> Exercise aim: Reproduce exactly only the lines from the line that holds "ブラックモノトーンで洗練された印象を与えるリースデザインデニムショーツ。" to the line that holds "Grote boerderij van", inclusive, in the listing below, and please leave out every picture.

> The data:
========================================================================

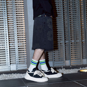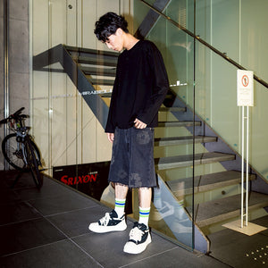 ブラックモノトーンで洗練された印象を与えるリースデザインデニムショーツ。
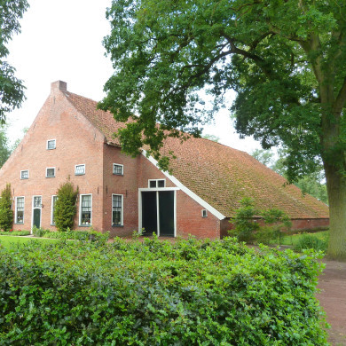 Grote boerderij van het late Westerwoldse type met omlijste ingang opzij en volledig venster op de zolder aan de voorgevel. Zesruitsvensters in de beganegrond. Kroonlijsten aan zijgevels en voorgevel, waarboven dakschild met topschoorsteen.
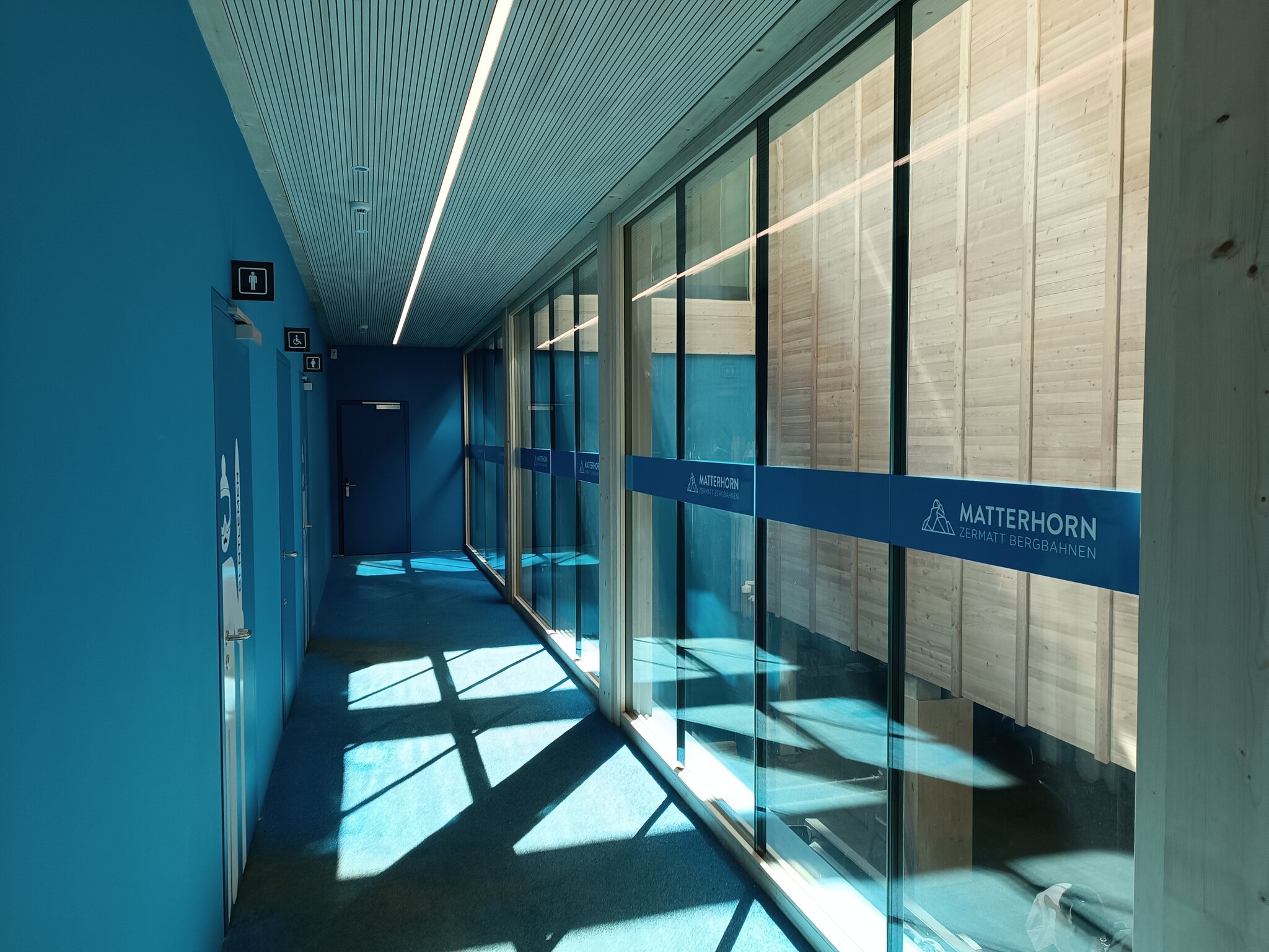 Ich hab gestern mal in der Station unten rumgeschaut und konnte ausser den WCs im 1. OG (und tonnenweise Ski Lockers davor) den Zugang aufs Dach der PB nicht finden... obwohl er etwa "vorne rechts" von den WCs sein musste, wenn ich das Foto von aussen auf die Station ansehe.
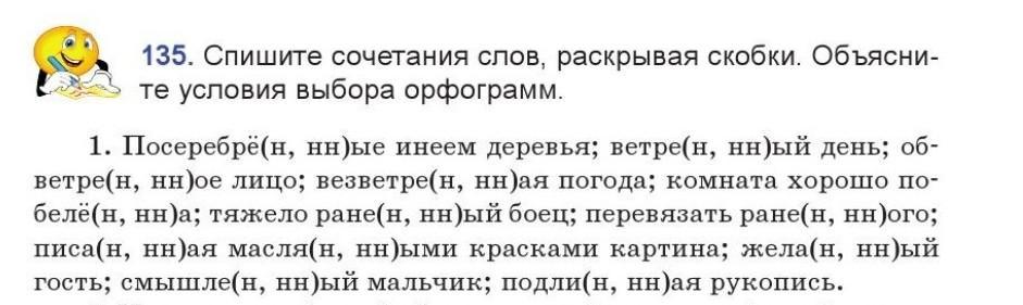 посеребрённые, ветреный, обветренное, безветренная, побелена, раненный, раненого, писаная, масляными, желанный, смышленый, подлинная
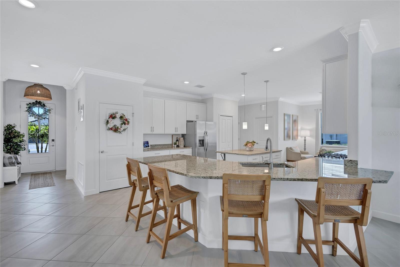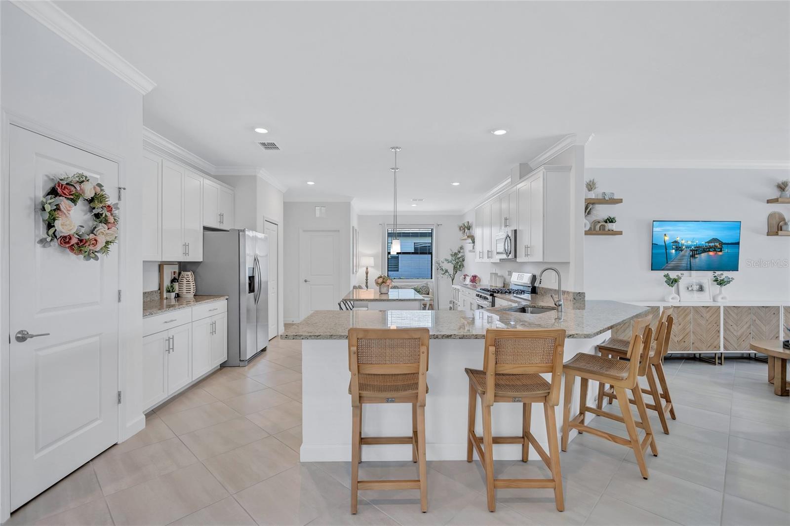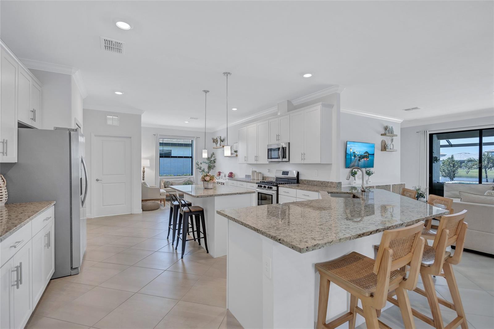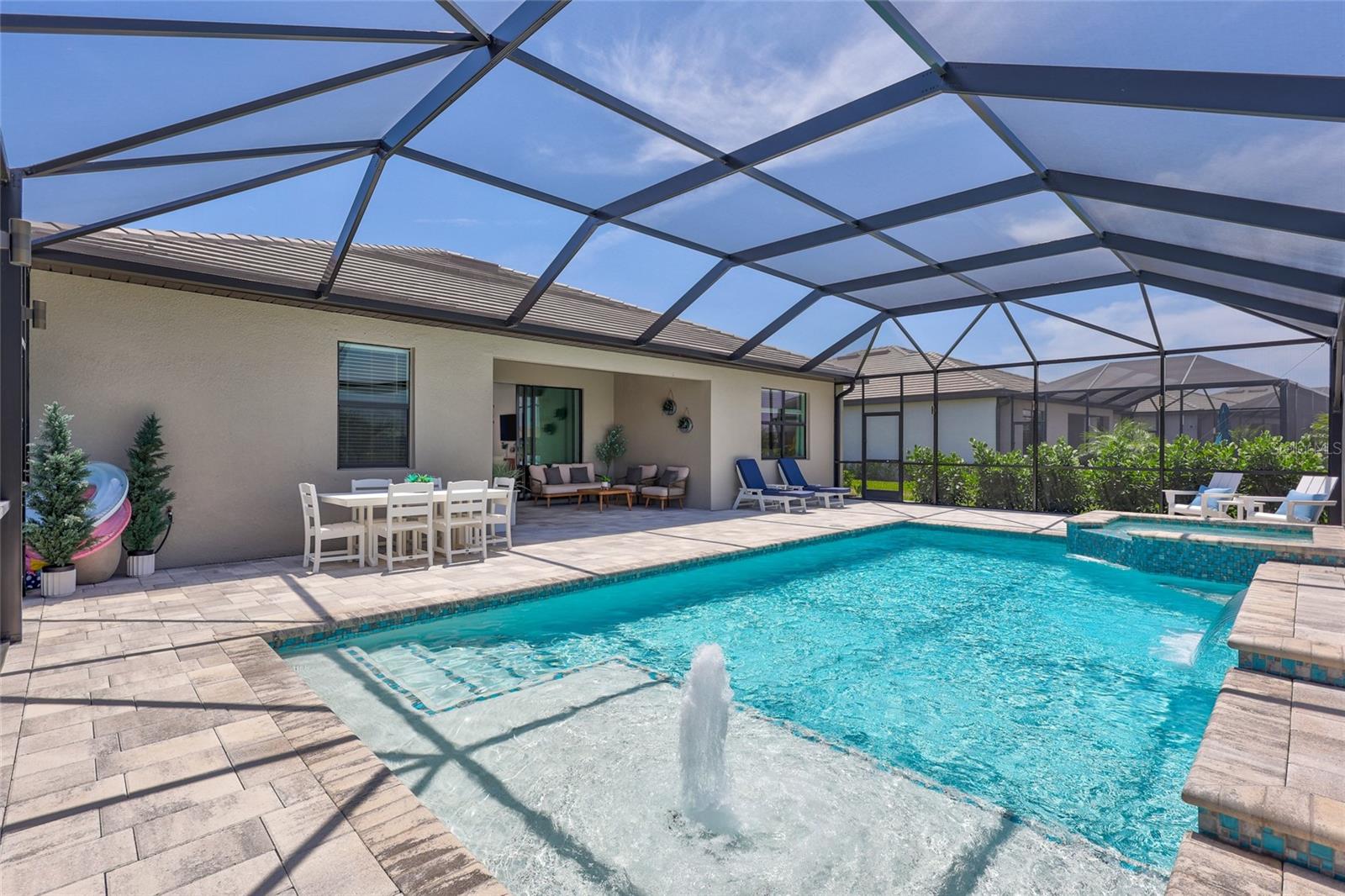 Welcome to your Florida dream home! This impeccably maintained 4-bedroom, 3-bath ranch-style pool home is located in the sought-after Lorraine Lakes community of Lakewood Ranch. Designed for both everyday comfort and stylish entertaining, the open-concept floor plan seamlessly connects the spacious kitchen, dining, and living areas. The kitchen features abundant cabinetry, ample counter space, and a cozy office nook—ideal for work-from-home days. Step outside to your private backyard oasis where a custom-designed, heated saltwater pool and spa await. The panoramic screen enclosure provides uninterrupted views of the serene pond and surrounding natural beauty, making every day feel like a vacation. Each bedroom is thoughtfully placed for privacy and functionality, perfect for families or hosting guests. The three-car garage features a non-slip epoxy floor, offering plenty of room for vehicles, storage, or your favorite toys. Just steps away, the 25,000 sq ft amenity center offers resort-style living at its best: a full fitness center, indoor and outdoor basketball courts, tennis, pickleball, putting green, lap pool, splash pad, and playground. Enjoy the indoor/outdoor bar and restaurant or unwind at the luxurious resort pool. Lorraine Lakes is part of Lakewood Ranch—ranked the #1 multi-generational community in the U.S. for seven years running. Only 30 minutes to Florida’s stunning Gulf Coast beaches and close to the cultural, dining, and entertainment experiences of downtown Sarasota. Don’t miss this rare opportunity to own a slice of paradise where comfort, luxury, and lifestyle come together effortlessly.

========================================================================

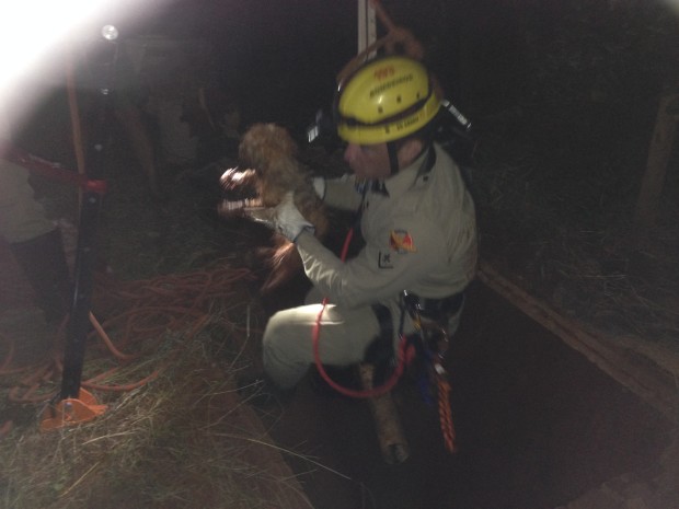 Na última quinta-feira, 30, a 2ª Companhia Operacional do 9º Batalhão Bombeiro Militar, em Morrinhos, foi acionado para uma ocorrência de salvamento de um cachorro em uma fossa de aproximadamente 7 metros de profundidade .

========================================================================

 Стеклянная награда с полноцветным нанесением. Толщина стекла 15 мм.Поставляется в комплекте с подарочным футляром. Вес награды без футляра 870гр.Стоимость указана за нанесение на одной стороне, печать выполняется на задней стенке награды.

========================================================================

> Solution for this exercise:
 ブラックモノトーンで洗練された印象を与えるリースデザインデニムショーツ。
 Grote boerderij van het late Westerwoldse type met omlijste ingang opzij en volledig venster op de zolder aan de voorgevel. Zesruitsvensters in de beganegrond. Kroonlijsten aan zijgevels en voorgevel, waarboven dakschild met topschoorsteen.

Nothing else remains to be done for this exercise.